Mertens function : new formulation

[Gaussianheart]

Is this identity true?

Look at attachment

Thank you.

 

[Gaussianheart]

Example :
o=25

M(50) = mu(27)+mu(29)+mu(31)+...+mu(49)
= 0+(-1)+(-1)+...+0= -3

mu(n) is Mobius function

 

[Gaussianheart]

It is true!
People checked it in other fora...
So thanks for reading the post.

 

[RamaWolf]

The traditional definition: M(n) = mu(1)+mu(2)+...+mu(n)

for n=8 we have M(8) = 1+(-1)+(-1)+0+(-1)+1+(-1)+0 = -2

Your formula Gh(8) = mu(4+2)+mu(4+4) = mu(6)+mu(8) = 1

in contradiction to the traditional formula

 

[Gaussianheart]

The traditional definition: M(n) = mu(1)+mu(2)+...+mu(n)

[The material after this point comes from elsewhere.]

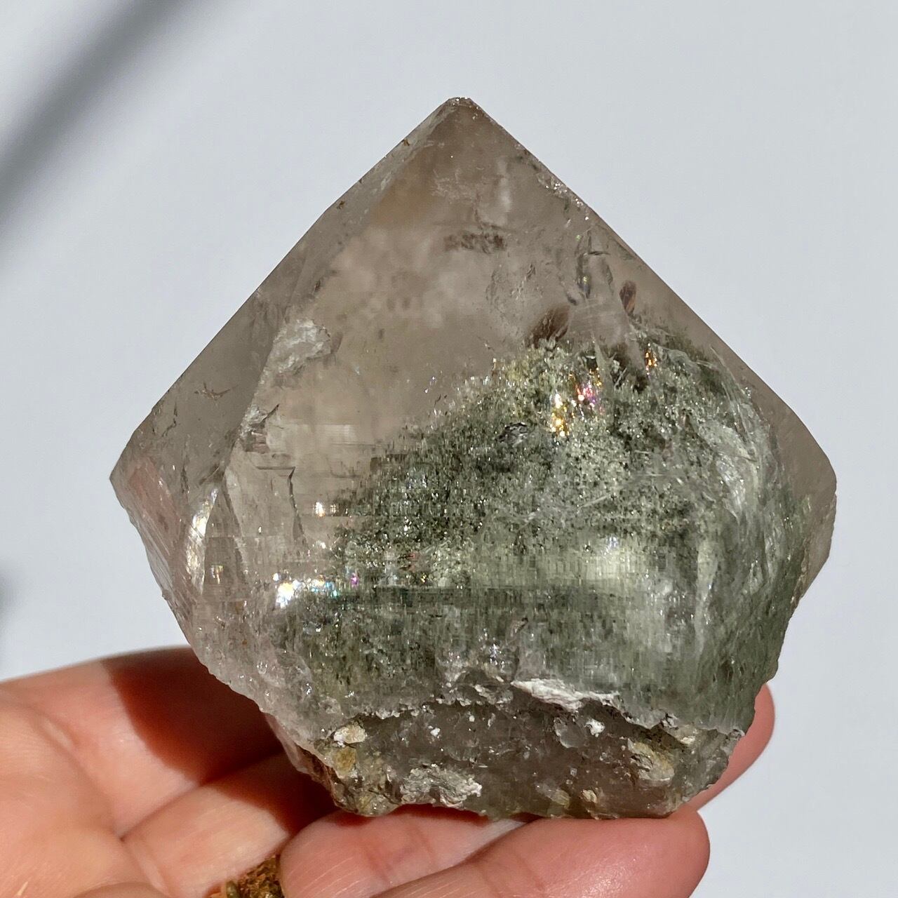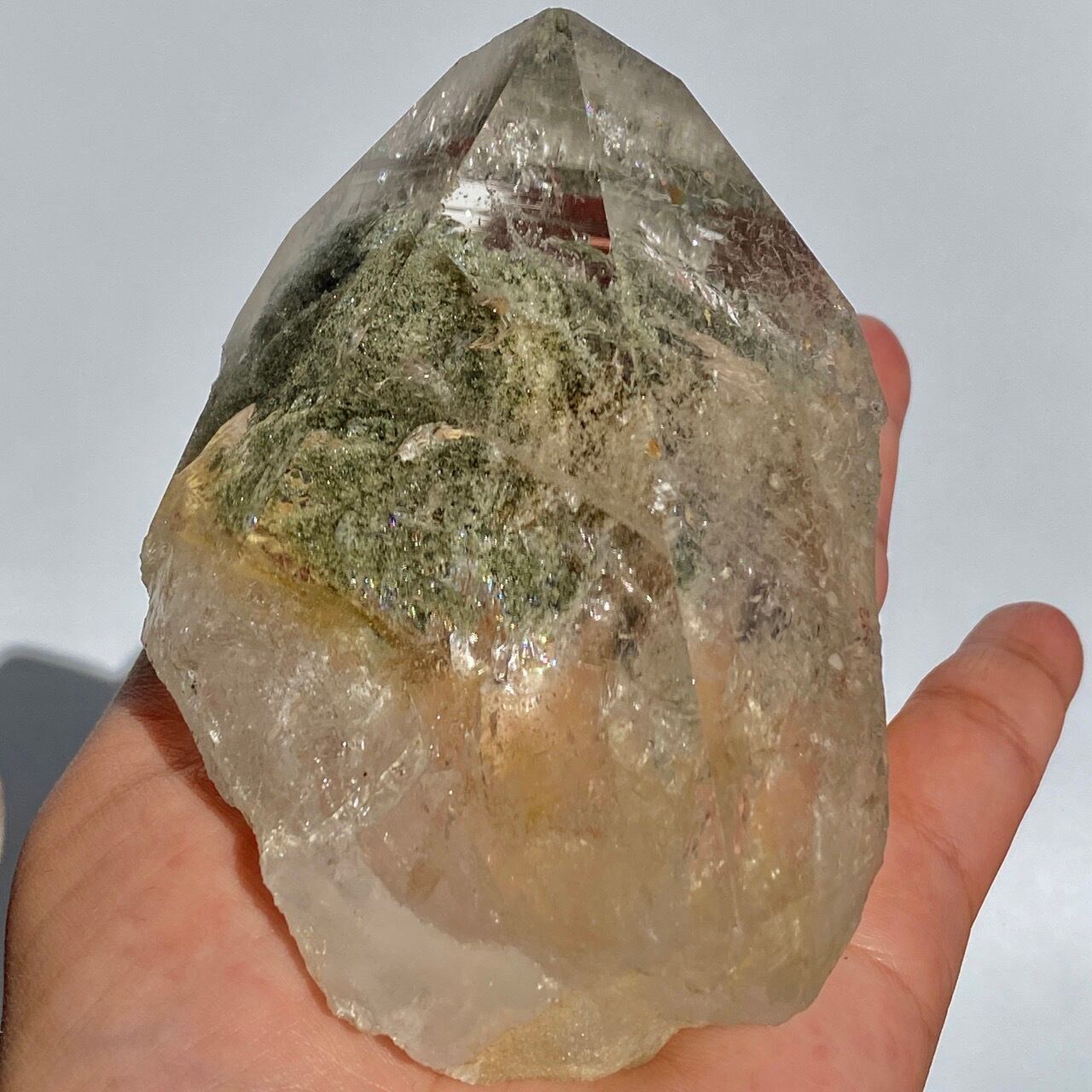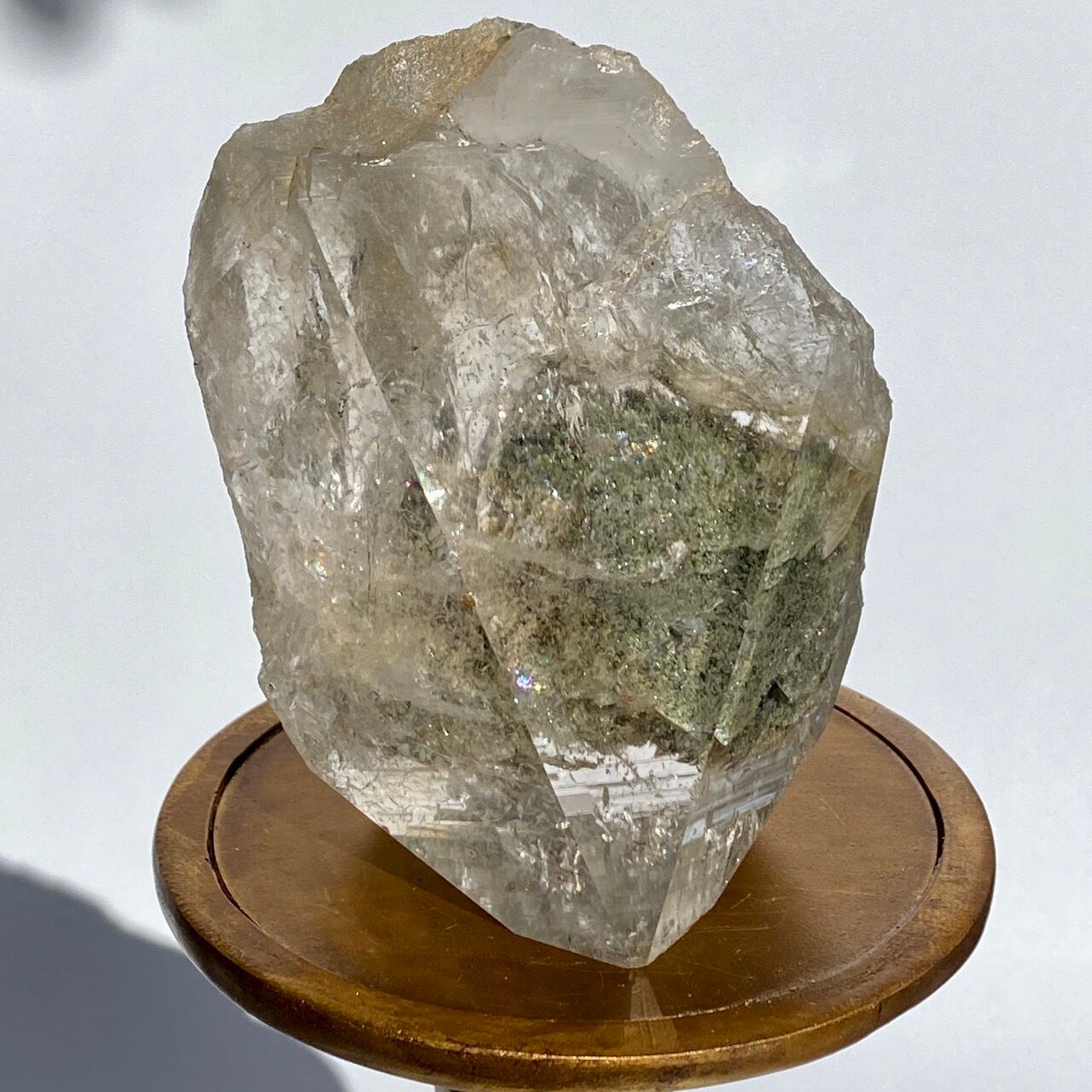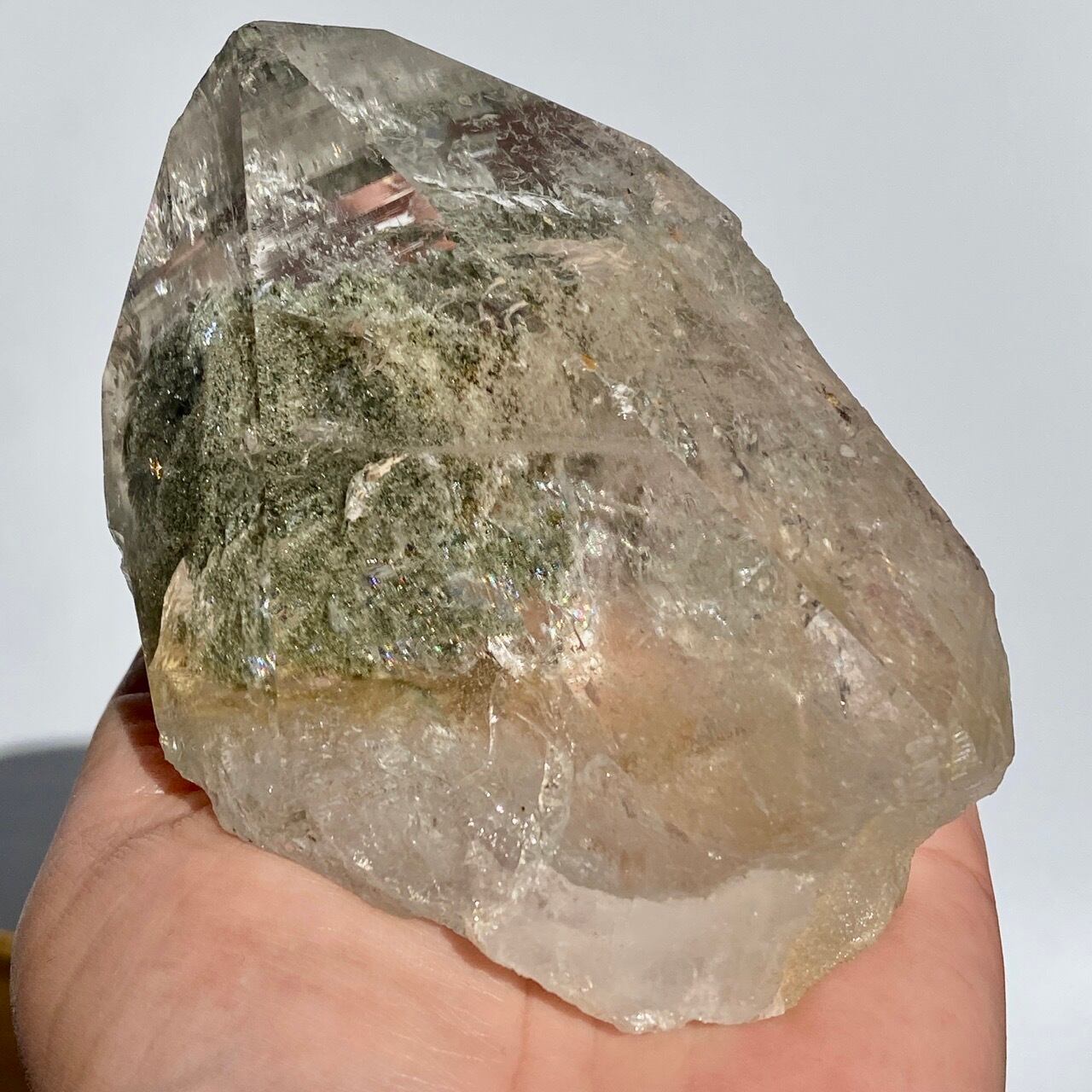 高透明度の大きなポイントの中にクローライトのインクルージョンの塊が閉じ込められているスノードームの様な子です。クローライトの苔の様なディテールを観察する事ができます。小さな虹も沢山ちりばめられているのでお楽しみ頂けます。

for n=8 we have M(8) = 1+(-1)+(-1)+0+(-1)+1+(-1)+0 = -2

Your formula Gh(8) = mu(4+2)+mu(4+4) = mu(6)+mu(8) = 1

in contradiction to the traditional formula

n=8=2*4 an 4 is not odd

Read the condition : o must be odd >=3 then you can compute M(2*o)

My formula holds. Someone in another forum just proved it.
I have a proof but it is little bit long.

Thank you for your comment

 

[RamaWolf]

With n=2*o, (o odd) it's OK

For my investigation I used ARIBAS (Windows version) and I programmed a function 'SmallMoebiusMu(n)' (small because n must not exceed 2**32) and with this function, I compared my function 'SmallMertensNumber(n)' (traditional definition) to the function 'Gaussianheart(n)' (your formulation) and for n=2,6,10,14,18,...,402 I found equal results.

SmallMoeniusMu uses the built-in ARIBAS function 'factor16' and 'prime32test'.

Regards from Germany

 

[Gaussianheart]

The formula is correct!
Good for me!